ENDEIS Nymph. Daughter of Chiron and the nymph Chariclo. Wife of Aeacus. Mother of Peleus and Telamon. Implicated in the death of her stepson Phocus.
HYADES Nymphs of North Africa who suckled the infant Dionysus. Rewarded by Zeus with catasterization.
NEREIDS Sea nymphs. Daughters of Nereus and the Oceanid Doris. Cousins of Poseidon. They include: Psamathe, mother of Phocus; Thetis, mother of Achilles.
OCEANIDS Sea nymphs. Daughters of Oceanus and Tethys. Cousins of Poseidon. They include: Doris, mother of the Nereids; Metis, mother of Athena; Phylira, mother of Chiron; Pleione, mother of the Pleiades; and Styx.

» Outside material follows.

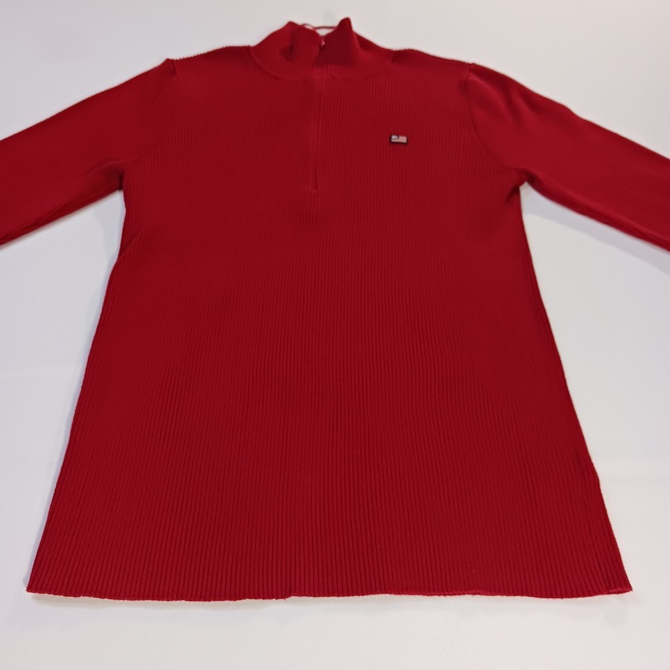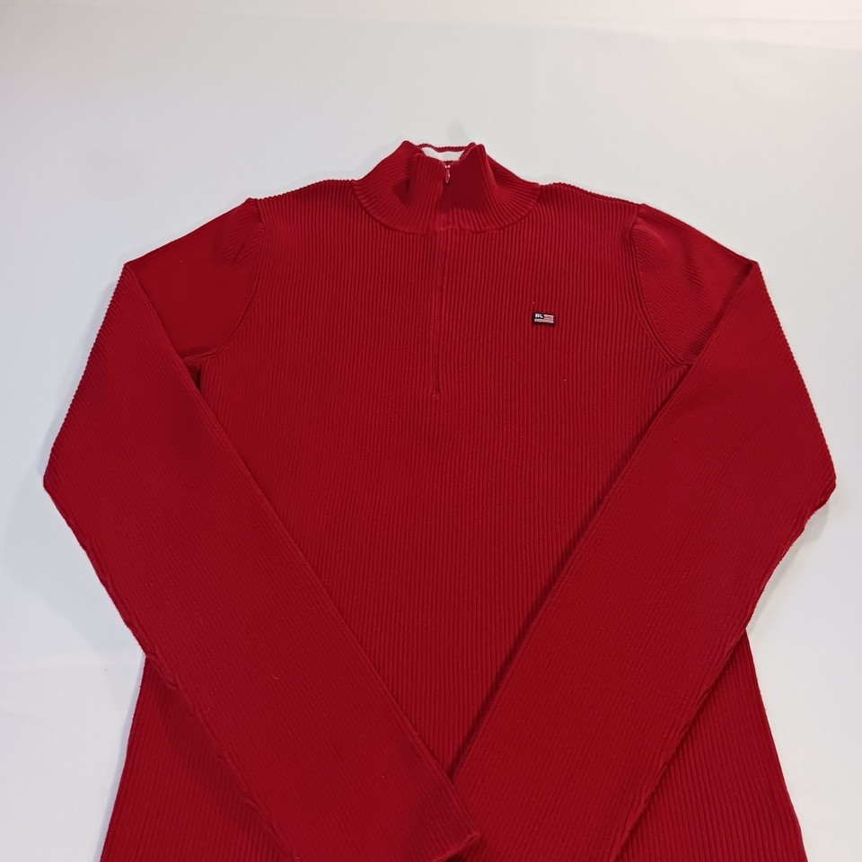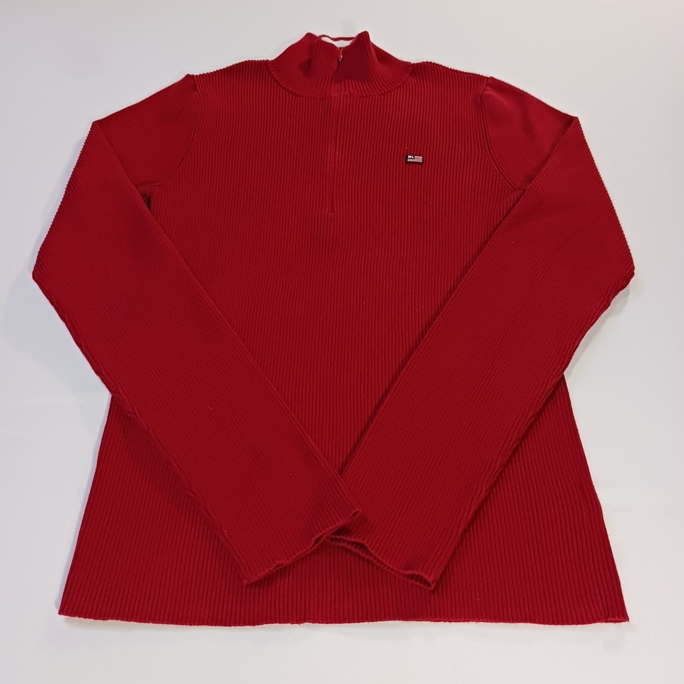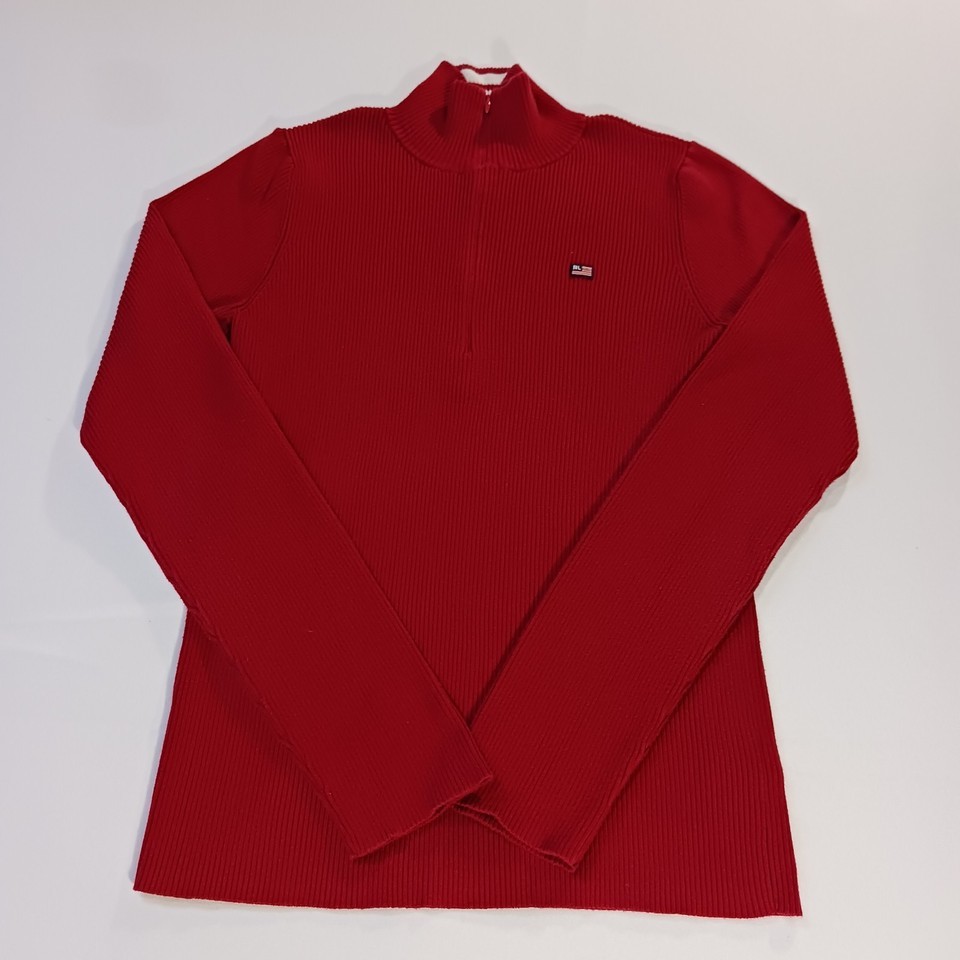 This vintage original Ralph Lauren Polo Jeans men's 1/4 zip pullover sweater in size L offers a classic and stylish addition to any man's wardrobe. Made from a blend of nylon and cotton, this red sweater features a solid pattern and long sleeves, perfect for cooler weather. The pullover style with a 1/4 zip detail adds a touch of functionality to this timeless piece, which is sure to stand out with its iconic Polo Jeans Co. branding. Made in China, this sweater combines quality craftsmanship with a touch of retro charm.

PLEIADES Seven heavenly daughters of the Titan Atlas and the Oceanid Pleione. They include: Electra, mother of Dardanus; Maia, mother of Hermes; Merope, wife of Sisyphus; Sterope, mother of Hippodamia; Taygeta, progenitor of Tyndareus.
STYX Oceanid. Goddess of the river of hate in the underworld. Her waters bestow invulnerability on mortals.
THETIS Nereid. Daughter of Nereus and Doris. Saviour of Zeus by summoning the Hecatonchires to protect him from his rebellious Olympian family. Saviour of the infant Hephaestus when Hera cast him down from Olympus. Desired by all the gods until Prometheus prophesies her son will be greater than his father. Wrestled into wedlock by Peleus; their wedding the last great gathering of the immortals. Protective mother of Achilles: attempts, to make him invulnerable by immersing him in the Styx, and by commissioning his armour from Hephaestus; to cheat his destiny by concealing him under the care of Lycomedes; to warn him not to arouse the enmity of Apollo; to persuade Zeus to tilt the balance of the Trojan War against the Greeks and teach Agamemnon a lesson.